The launch is scheduled to take place at 7:31 a.m. Pacific time from the Vandenberg Air Force Base in California. SpaceX claims a 60 percent favorability rating for weather leading up to the launch. The static test fire was completed on January 6, but the launch was pushed back from its original January 8 date due to issues with the rocket.
This is the last of eight Iridium launches, a two-year $3 billion project aimed at replacing the existing satellite constellation that provides 100 percent surface coverage for mobile communications. One-by-one, the two companies have replaced the original constellation with 75 new satellites, 66 of which are operational and nine that act as spares. The team also plans to keep six additional crafts on the ground as further spares.
“Iridium NEXT is one of the largest ‘tech upgrades’ in space history,” SpaceX declared in press materials for the Iridium-7 launch in July 2018. “The process of replacing the satellites one by one in a constellation of this size and scale has never been completed before.”
In the SpaceX fan community, members commemorated the end of one of the firm’s most ambitious projects.
“It’s bittersweet, because they will close out the contract as a smashing success, but we’ll have to get used to a more 1 off launches that don’t feel as much like part of a larger whole,” a Reddit user called “frogmazog” wrote. “I hope that NASA press conferences and crew launches make up for that.”
Once complete, Iridium will be able to support new features as part of its Certus service platform. Each satellite, positioned 476 miles from Earth, will link up to four others to create a global network that routes traffic along the best possible path.
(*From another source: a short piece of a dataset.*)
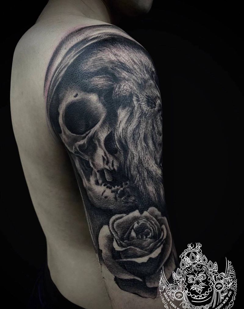 当前位置: 首页 >辽宁省沈阳市纹身店-沈阳彩艺刺青纹身图案>欧美黑灰狮子纹身图片_手臂欧美写实纹身图案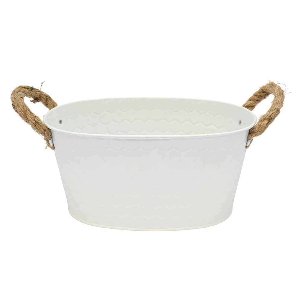 Macetero Metal Asas Cuerda M 20X13X9.5Cm Blanco (Reg12-070A)

This enables data speeds of up to 1.4 megabits per second, which doesn’t sound like a lot, but will provide a welcome boost for users in remote locations, on board aircraft, or in merchant vessels.
Following the launch, SpaceX won’t be standing still. Its next challenge is the uncrewed test flight for its Crew Dragon capsule, scheduled for later this month, that could be the first to send American astronauts to the International Space Station on board a commercial craft.